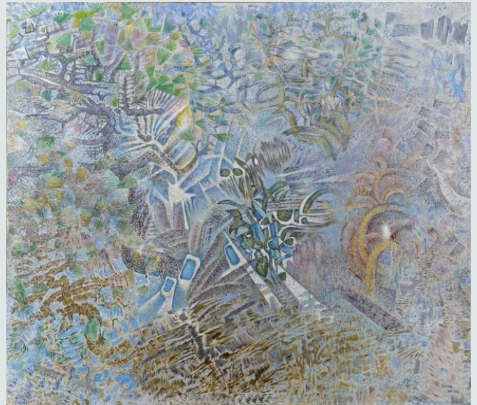
Νίκος Χατζηκυριάκος - Γκίκας, Ο ουρανός 1966, Εθνική Πινακοθήκη

μτφρ. Ζήσιμος Λορεντζάτος Το Βήμα, 16/1/1977
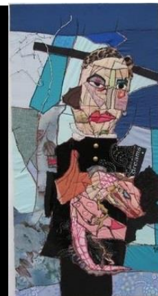
Catwalk 40 x 50
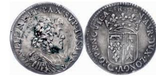
299 Neuenburg-Fürstentum, 10 Kreuzer, Silber, o.J (1648), Heinrich II 1595-1663, Nachahmung 1/12 Ecu von Ludvig XIII von Frankreich. Av.: Büste n. r. und Umschrift. Rev.: Wappen. HMZ 2-685, Kratzer im Aversfeld, Prüfhieb am Rand, wellig, selten, ss. 50,—
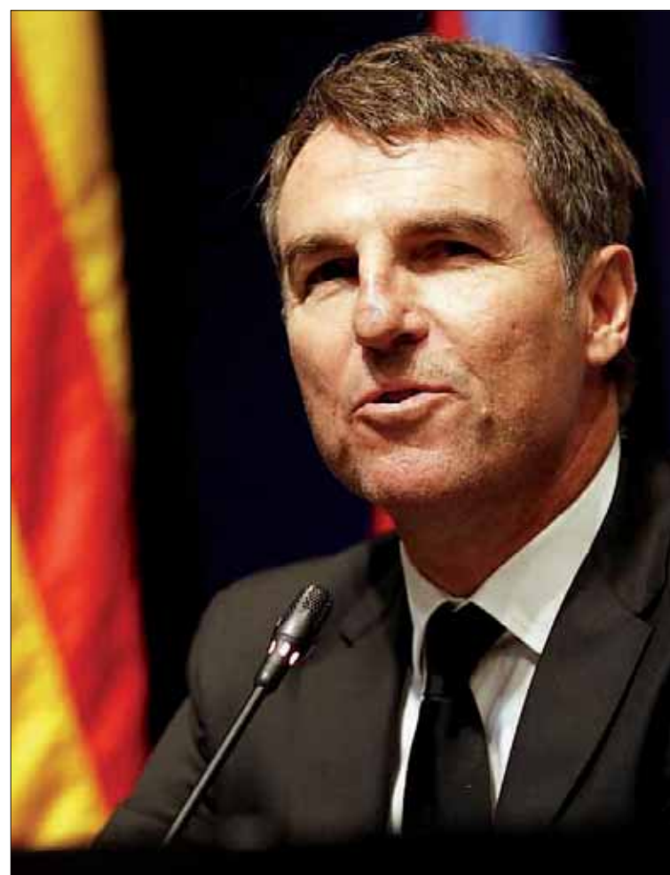
"La intención es que llegue un jugador más o si es posible dos".
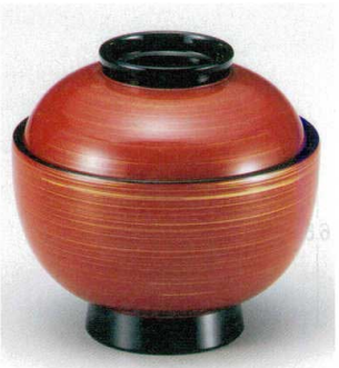
10-192-16 W-10-30 TA 3.5寸丸吸碗 赤こがね S・H塗 ¥3,000 (10.1φ×9.7) 梱100 270cc

================

## BRIEF
Verbatim repeat, images removed: give each entry again exactly as it reads.

## REPLY
Νίκος Χατζηκυριάκος - Γκίκας, Ο ουρανός 1966, Εθνική Πινακοθήκη

μτφρ. Ζήσιμος Λορεντζάτος Το Βήμα, 16/1/1977
Catwalk 40 x 50
299 Neuenburg-Fürstentum, 10 Kreuzer, Silber, o.J (1648), Heinrich II 1595-1663, Nachahmung 1/12 Ecu von Ludvig XIII von Frankreich. Av.: Büste n. r. und Umschrift. Rev.: Wappen. HMZ 2-685, Kratzer im Aversfeld, Prüfhieb am Rand, wellig, selten, ss. 50,—
"La intención es que llegue un jugador más o si es posible dos".
10-192-16 W-10-30 TA 3.5寸丸吸碗 赤こがね S・H塗 ¥3,000 (10.1φ×9.7) 梱100 270cc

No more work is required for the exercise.